I kinda doubt it will go that quickly. See how many problems Boeing had with their lithium batteries in the 787. And those were just auxiliary power. This will take a hundred times that many batteries with the scale bringing many engineering challenges. And then the totally different engines.. I think it'll take a long time to have a battery powered airliner built, in mass production and as reliable and safe as current airliners. There's a lot of stuff to be built from scratch without half a century of trial and error to learn from.

I think biofuels might be a better option for aviation until the tech has time to catch up.

I'd love for that to be true, but I am quite dubious. Flight technology tends to be very weight sensitive, and our battery densities are just nowhere close to the density that flight needs.

Current batteries have an energy density of 90-190 Wh/kg, depending on the specific chemistry. Jet fuel on the other hand has an energy density around 12,000 Wh/kg. Obviously some amount of that will be made back up with the relative light weight and high efficiency of electric motors, but that is a very step energy difference to overcome.

A quick bit of Googling says that turbofan engines are about 40% efficient, while triple phase electric motors are roughly 85% efficient. Given the 3,000 nautical mile range of a 737NG, some back of the envelope math says that an EV equivalent would have a range of about 100 miles at best[0]. Forget LAX -> SFO, this isn't even enough to get you from LA to Bakersfield.

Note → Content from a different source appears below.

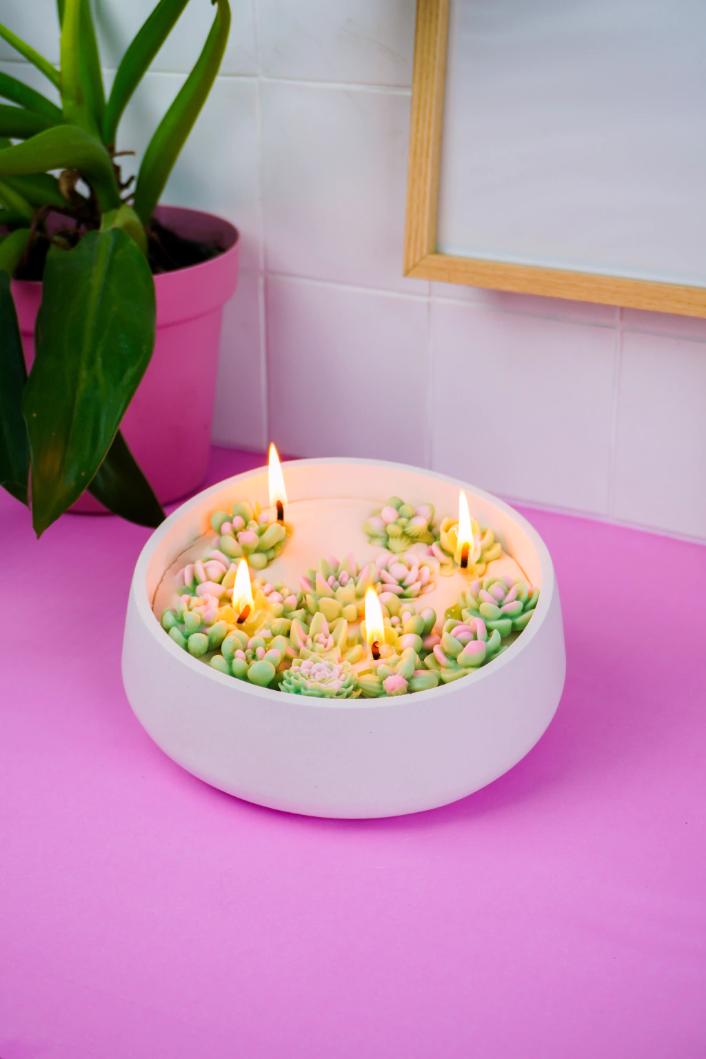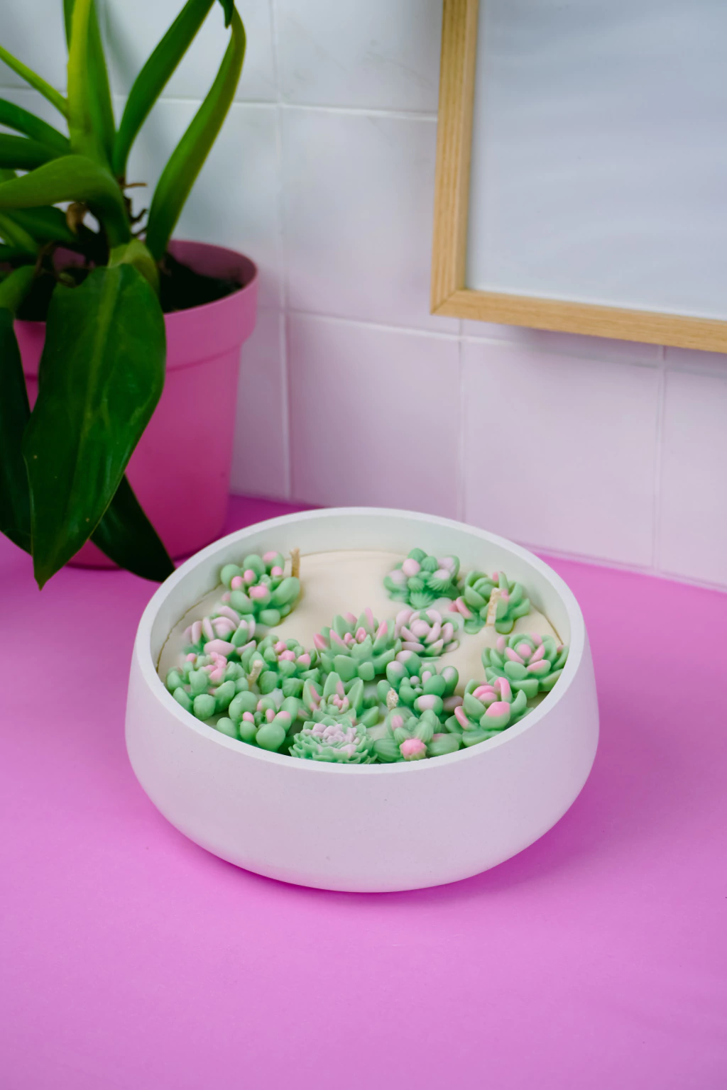 Uma vela inspirada na serenidade das suculentas — equilíbrio entre o verde da natureza e a pureza do branco. Feita com cera de coco, traz frescor e calma para o seu espaço.

And even 100 is optimistic, given that the FAA requires that all planes have extra fuel for diversions, weather, holding, etc.

At this point, I suspect it might be easier to refine kerosene out of capture CO2 using excess renewable energy than it would be to make an EV 737 replacement.

0 - I'm obviously not accounting for weight and aerodynamic differences, which are beyond my capability to estimate, but I doubt that would make a significant difference. I'm also assuming that we're using Li-Ion Cobalt batteries, which have the highest density. The more common Phosphate chemistry makes these numbers even more bleak.

The best lithium ion batteries have 300-400Wh/kg (some cells do up to 650Wh/kg with sulfur), electric motors can have up to 95% efficiency. Long range jets can fly 20,000 km with passengers. Easily enough to do 500 miles. But if you improve aerodynamics, can go much further.

Source on 400-650Wh/kg? That’s significantly higher than what’s even reported in Tesla EVs, and I’m curious if that’s lab or production figures. Even going up to 400Wh/kg and 95% efficiency only yields 237 miles for a 737 equivalent, which isn’t enough.

The top spec 777 would give you 677 miles on batteries, assuming 400Wh/kg. Enough to serve the LAX to SFO route, but a fairly limited vehicle all things considered, especially for the price and size.

> Long range jets can fly 20,000 km with passengers.

Sure, but economics begins to dominate here. There’s a reason I chose the 737 as a reference benchmark; it’s the gold standard of short to medium range airliner, and absolutely the vehicle that we should be aiming to minimize. If you have to pull out a 777 sized aircraft to service LAX -> SFO, then the price of tickets is going to begin rising significantly to cover the higher vehicle cost. I’m also genuinely quite doubtful that many airports can handle 100% of their jets switching over to wide body aircraft, which this would require, without significant improvements to the terminals and other facilities. If governments are forced to upgrade airports to save money on rail, I’d argue that that’s penny wise and pound foolish.

All of this can be done, of course, but it really begins to erode all of the supposed cost savings over HSR.